A force is applied to the rim of a disk that can rotate like a merry-go-round, so as to change its angular velocity. Its initial and final angular velocities, respectively, for four situations are: (a) –2 rad/s, 5 rad/s; (b) 2 rad/s, 5 rad/s; (c) –2 rad/s, –5 rad/s; and (d) 2 rad/s, –5 rad/s. Rank the situations according to the work done by the torque due to the force, greatest first. If multiple situations rank equally, use the same rank for each, then exclude the intermediate ranking (i.e. if objects A, B, and C must be ranked, and A and B must both be ranked first, the ranking would be A:1, B:1, C:3).

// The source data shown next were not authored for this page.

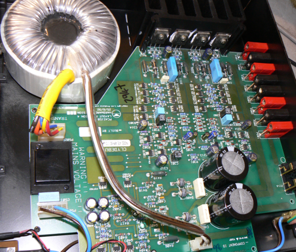Ganz kompakter Aufbau, ausgewogene Schaltung, die per Stromspiegel am Eingangs-Paar allerdings etwas mehr Leerlauf-Verstärkung und daher auch mehr über-alles-Gegenkopplung aufweisen dürfte, als ansonsten ganz ähnliche Endstufen-Konzepte von Naim und Exposure. Das führt zu etwas mehr Dämpfungsfaktor, klingt häufig gerne etwas steriler, gerade wenn die Gesamt-Stabilität des Gegenkopplungs-Konzepts Schwächen hat. Ich muss hier allerdings zugeben: diese LK100 macht sich zumindest nach unserer Neubestückung der Elkos gar nicht schlecht. Zusammen mit der Kairn-Vorstufe bekommt man hier tatsächlich viel Gegenwert für eine sehr robuste, wohlklingende und hervorragend ausgestattete Kombi. Der Zusammen-Verkauf mit der Kairn ist dringend empfohlen, bei Bedarf stehen auch noch die zugehörigen Monitor-Audio-Lautsprecher zur Verfügung, deren Preis ist Verhandlungssache mit dem Vorbesitzer. Abholern können wir die Anlage im Ganzen vorführen.
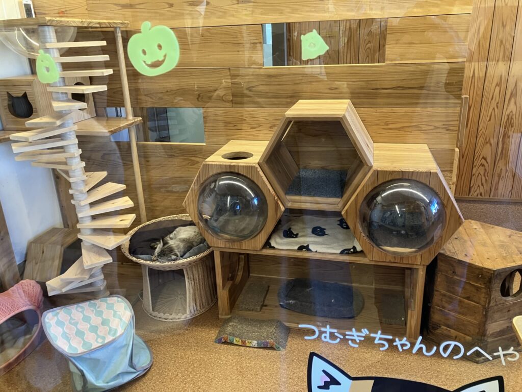 施設の入口を入って右手側には猫が十分快適に暮らせるように、上下運動が可能なキャットタワーや隠れられるBoxを配置。訪れた人が、室内飼育のイメージを具体的に描けるよう工夫されています。
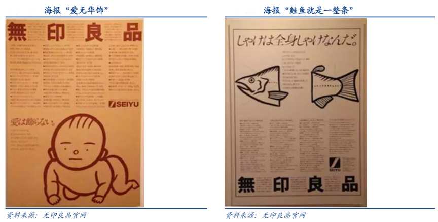 經(jīng)典案例:根據(jù)無印良品官網(wǎng)、華創(chuàng)證券研究等綜合資訊表明,在極簡主義審美下,無印良品在簡化造型的同時,進(jìn)一步簡化生產(chǎn)過程,制造出造型簡潔、樸素且價格適中的商品。1981 年田中一光為無印設(shè)計兩幅海報,其一曰“愛無華飾”,其二 曰“鮭魚就是一整條”,倡導(dǎo)追求事物本質(zhì),摒棄繁雜。
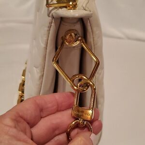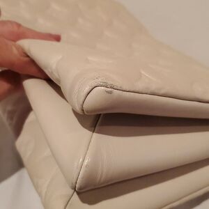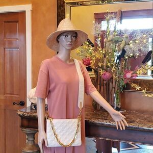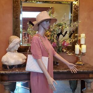 Can be worn various ways. Please pay attention there is some wear on corners of bag, some discoloration in canvas strap, however not visible when wearing! Hardware & zipper in excellent condition! Chain and Strap can be removed and use as clutch. Very Clean inside, only wore one season. I received tons of compliments when i Rocked this Bag!
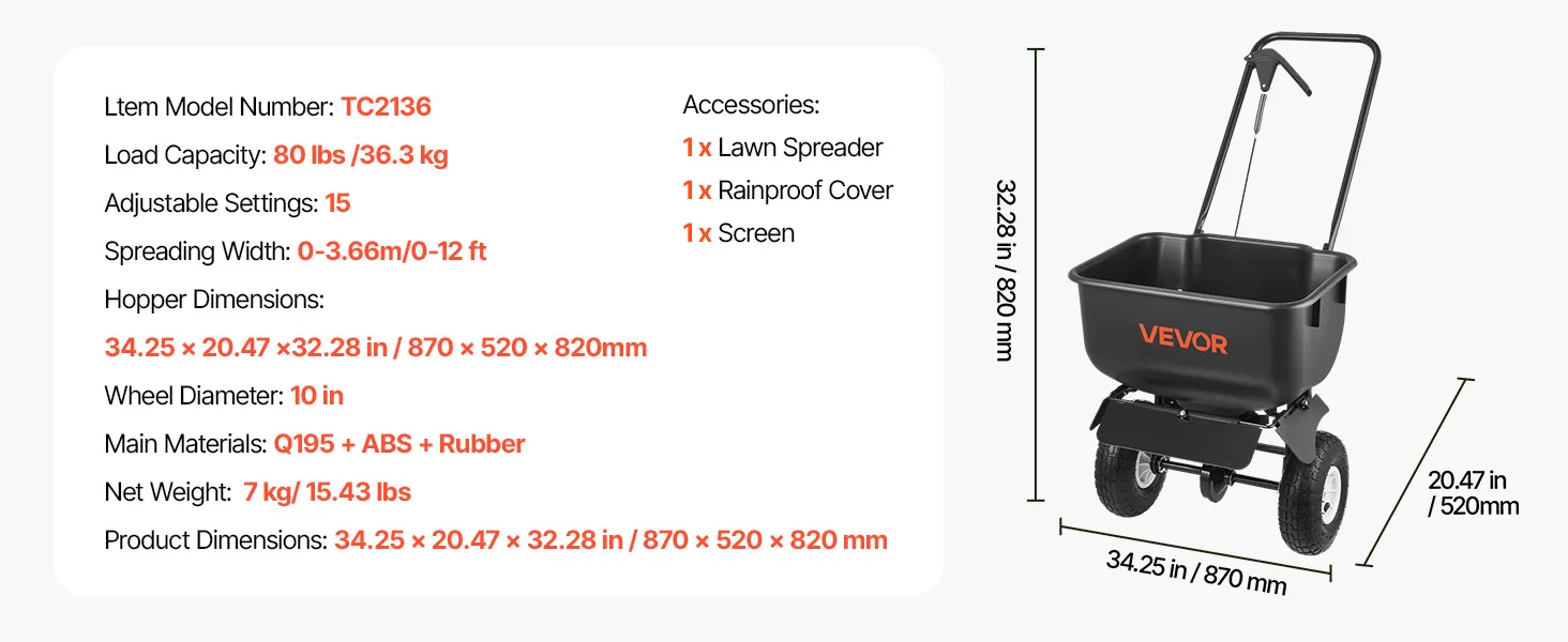 Precise Spreading: The lawn spreader features 12-ft spreading width and 15 adjustable settings that allows precise distribution for grass seeds, fertilizers and ice melt. Multi-directional adjustment ensures no missed spots, while the 80-lb hopper reduces refilling frequency
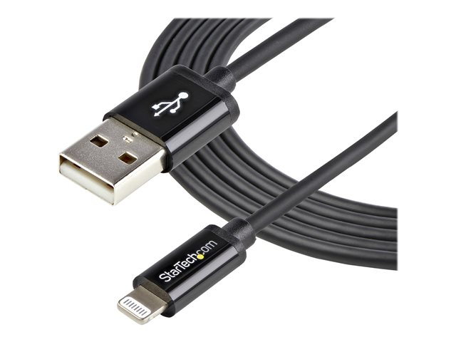 StarTech.com 2m (6ft) Long Black Apple® 8-pin Lightning Connector to USB Cable for iPhone / iPod / iPad
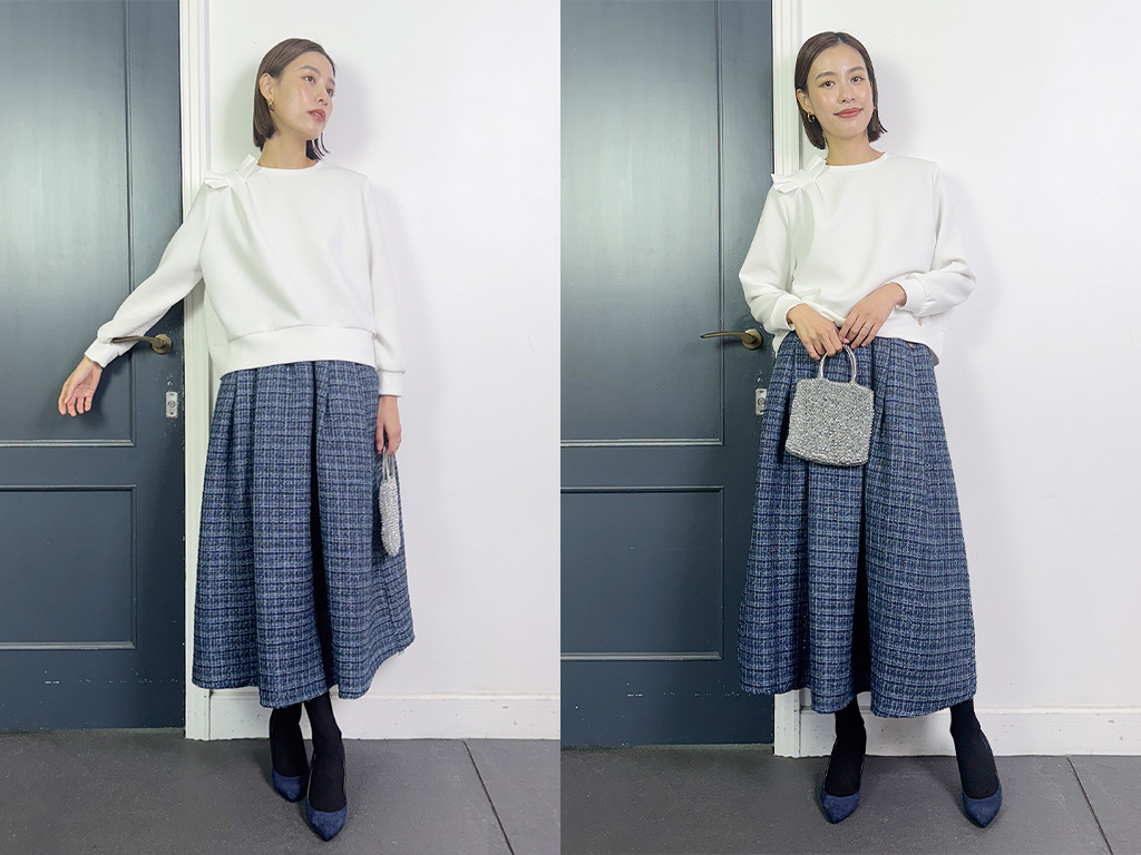 ツイードはカサっとした質感に見えがちなのでトップスは素材感を変えてツルッとしたダンボール生地がオススメ!
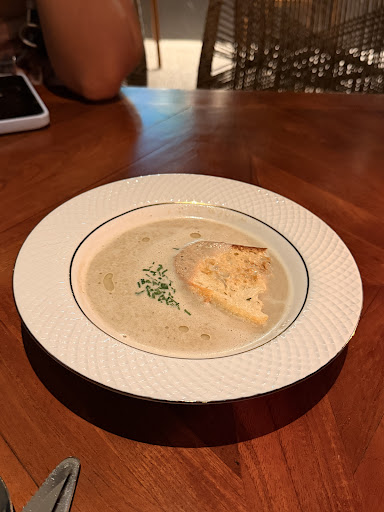 我們點了「松露蘑菇湯」與「冬陰海鮮湯」。 松露蘑菇湯濃郁得令人陶醉,帶有細緻的菇香與綿滑口感; 冬陰海鮮湯則湯色清透卻味道深邃, 酸辣平衡、鮮味十足, 讓人一口接一口停不下來。
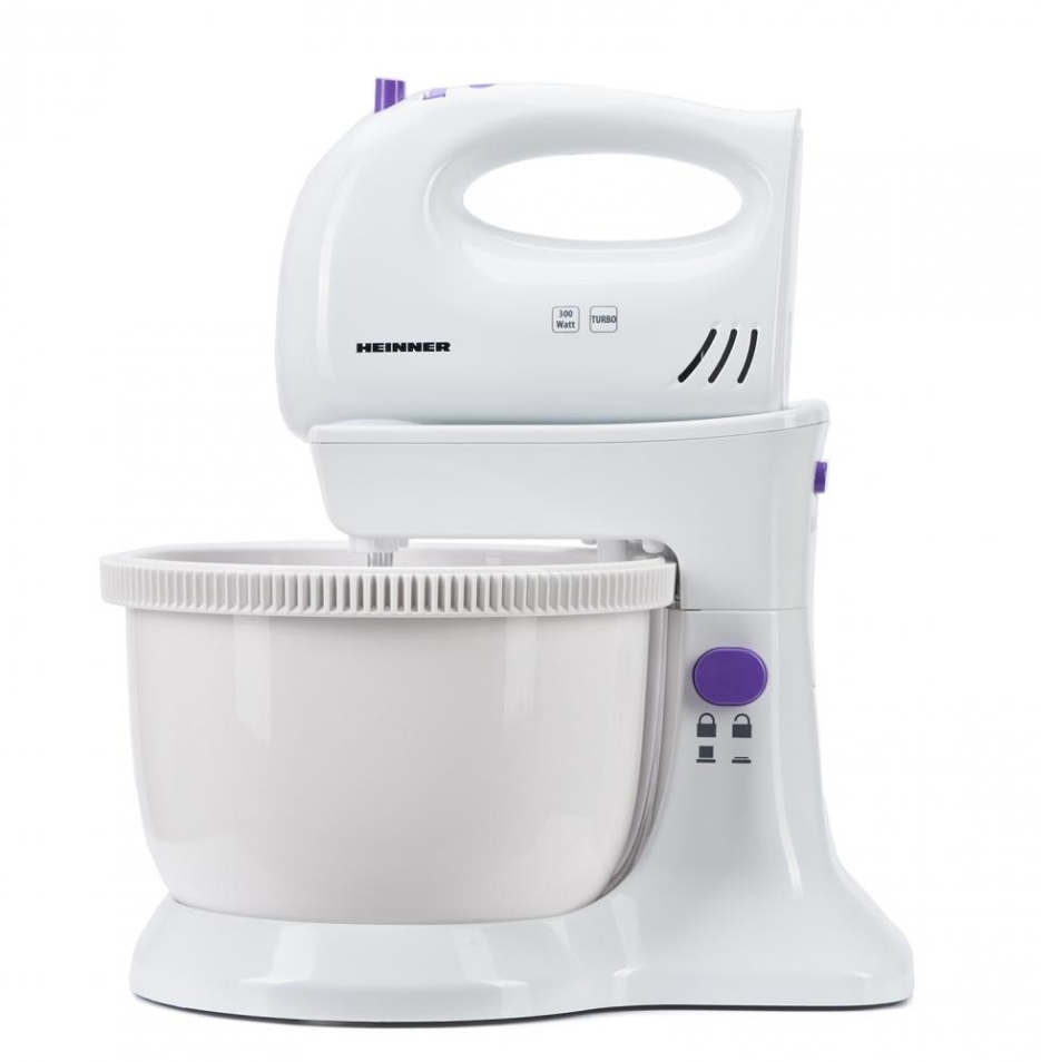 Mixer cu bol Heinner HMB-350UV, putere: 300W, 5 viteze+turbo, bol rotativ: 2.5 litri, accesorii din inox: 2 teluri + 2 carlige pentru framantare, buton ejector cu dispozitiv de siguranta, buton eliberare mixer de mana, culoare: ultraviolet
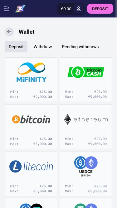 कैसीनो फिएट मुद्राओं और क्रिप्टोकरेंसी दोनों को स्वीकार करता है।
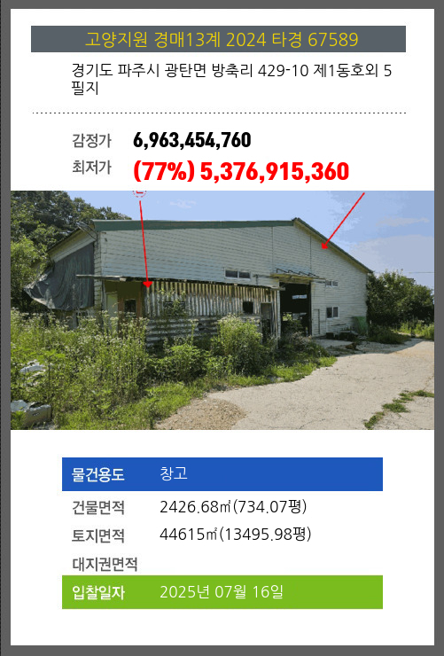 | 용도 | 창고 | 채권자 | 안** | 감정가 | 6,963,454,760 |
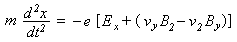 Aplikante la duan leĝon de Newton ma = F, ni povas priskribi ekvacion de la movo de elektrono en vektora formo:
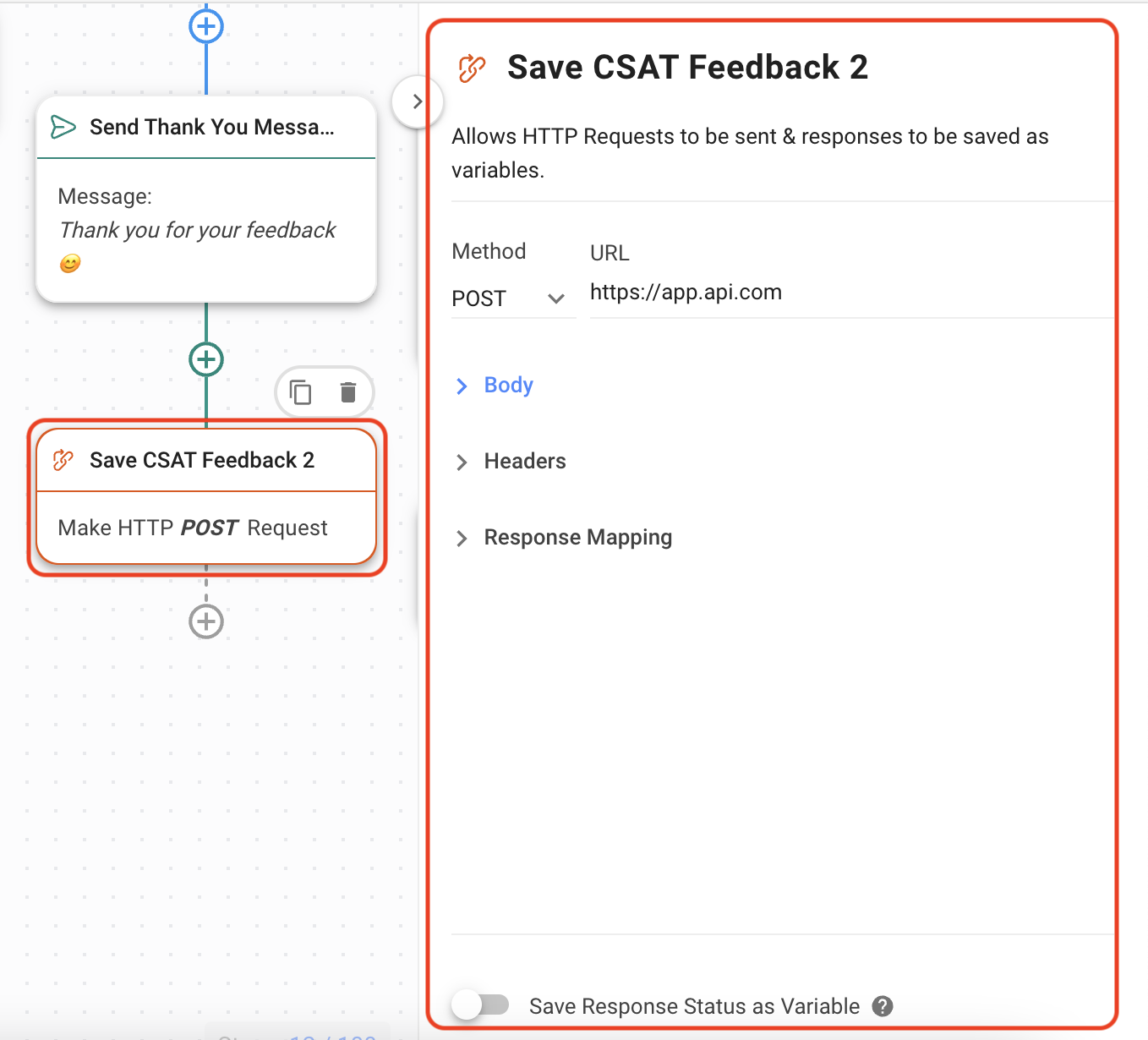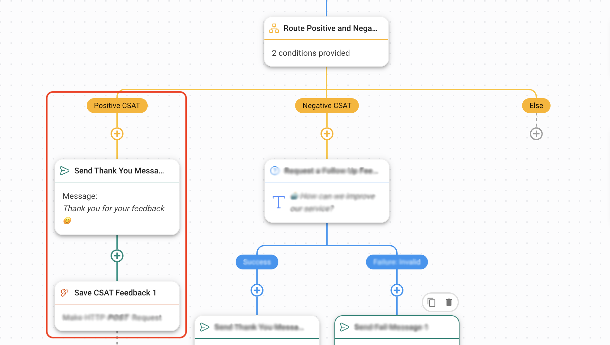 When the customer selects 👍, they will be routed to this branch where they’ll receive a message and their responses will be saved.
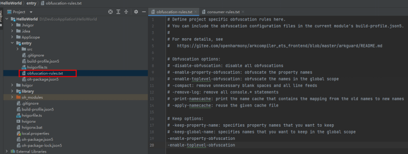 新建工程时,每个模块下都有 obfuscation-rules.txt 文件,用于配置混淆。
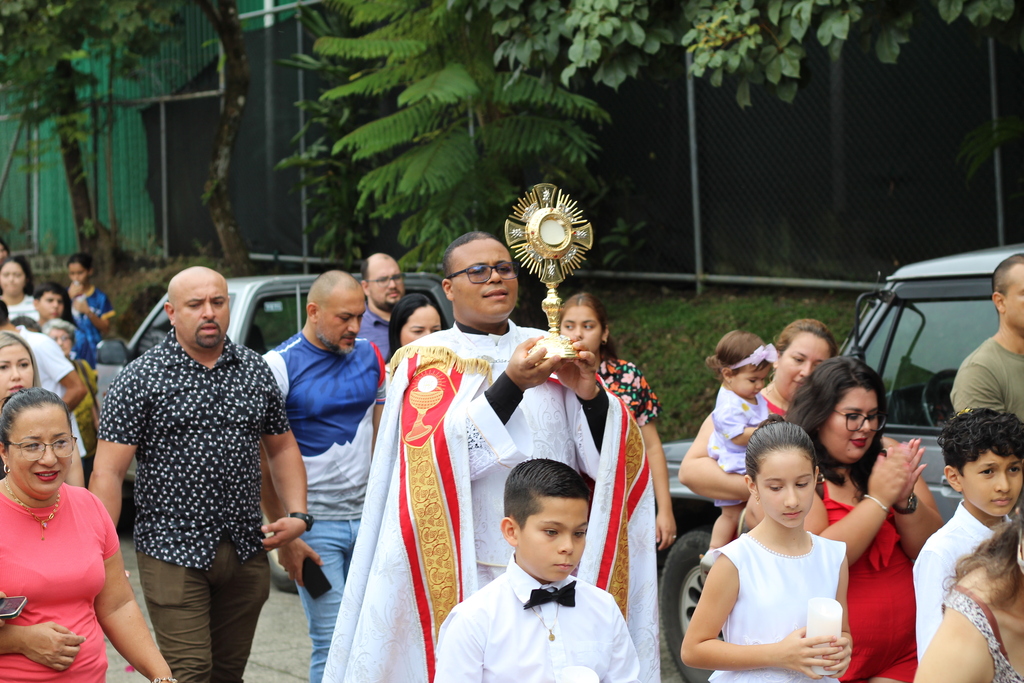 El día domingo se llevó a cabo una procesión con los jóvenes, niños y familias del Centro Don Bosco, en la cual los niños y niñas decoraban con pétalos de flores el camino del Santísimo. Asimismo, se celebró la Santa Eucaristía, presidida por el padre Jean Paul Bethancourt, SDB, quien en su homilía recordó que la Eucaristía es el gran regalo de Cristo para todos.
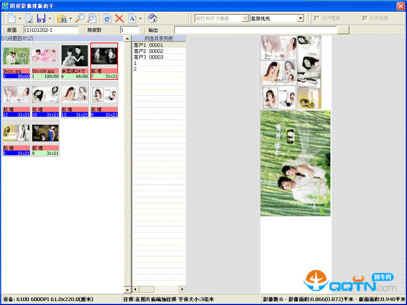 可以随时查找所有尚未被排版的图片,并能自动将这些未排版图片对应的客户主目录导入到本软件特有的历史目录列表中,操作人员直接在这个历史目录列表中任意调取不同客户的图片来拼版。
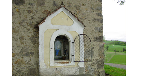 ![]() Die Hollnsteiner Kapelle in Oberwallsee. Bildquelle: Fotoklub Feldkirchen Bei der Linnemayr Kapelle in Freudenstein werden Gelübde, Wallfahrt und wundersame Heilung durch Bild und Text vermittelt. Der Überlieferung nach erblindete der junge Besitzer des Bauerngutes Michael Schönreiter plötzlich. Am Heimweg der Wallfahrt auf den Pöstlingberg kehrte das Augenlicht wieder zurück. An der Stelle, von der aus er seine Kinder vor dem Hoftor sah, wurde 1882 eine Kapelle gebaut zum Dank für die Gnade der Heilung. Aus Dankbarkeit nach Errettung aus schwerer Krankheit errichtete Gertrud Huber die Ortskapelle Lacken, die sie selber künstlerisch ausgestaltete. Auch der Dank der Gemeinde nach einer überstandenen Katastrophe ist in Gedenksteinen verewigt. Der Gedenkstein am Lausplatzl bei der Pesenbachbrücke wurde nach dem Hochwasser 2002 auf Initiative der Goldhaubengruppe errichtet und am 27. Juni 2003 feierlich geweiht. „Der Platz soll zum Ausruhn einladen , unsere Dankbarkeit ausdrücken und an die Schrecken des Hochwasses erinnern.“ (Peter Bruckmüller) Geschichte des Lebens ![]() Der Sierreiter Bildstock in Lacken. Bildquelle: Fotoklub Feldkirchen Zurück | Weiter | |
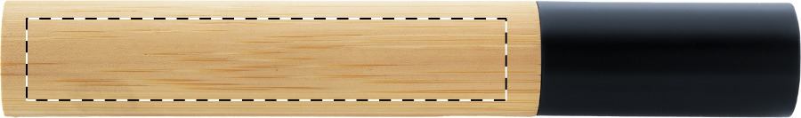 Elegante penna a sfera in metallo nero con fusto in bambù e particolari neri. Confezione in astuccio di bambù a tubo con cappuccio nero. Refill blu.

If all situations rank equally, rank each as '1'.

Answer 1

Answer:

A = B = C > D

Explanation:

Work done to stop the disc is given as

$W = \Delta K$

$W = \frac{1}{2}I(\omega_f^2 - \omega_i^2)$

so we have

(a) –2 rad/s, 5 rad/s;

(b) 2 rad/s, 5 rad/s;

(c) –2 rad/s, –5 rad/s; and

(d) 2 rad/s, –5 rad/s.

So we have

$W_a = W_b = W_c = \frac{1}{2}I(5^2 - 2^2)$

$W_d = \frac{1}{2}I(2^2 - 5^2)$

so we have

A = B = C > D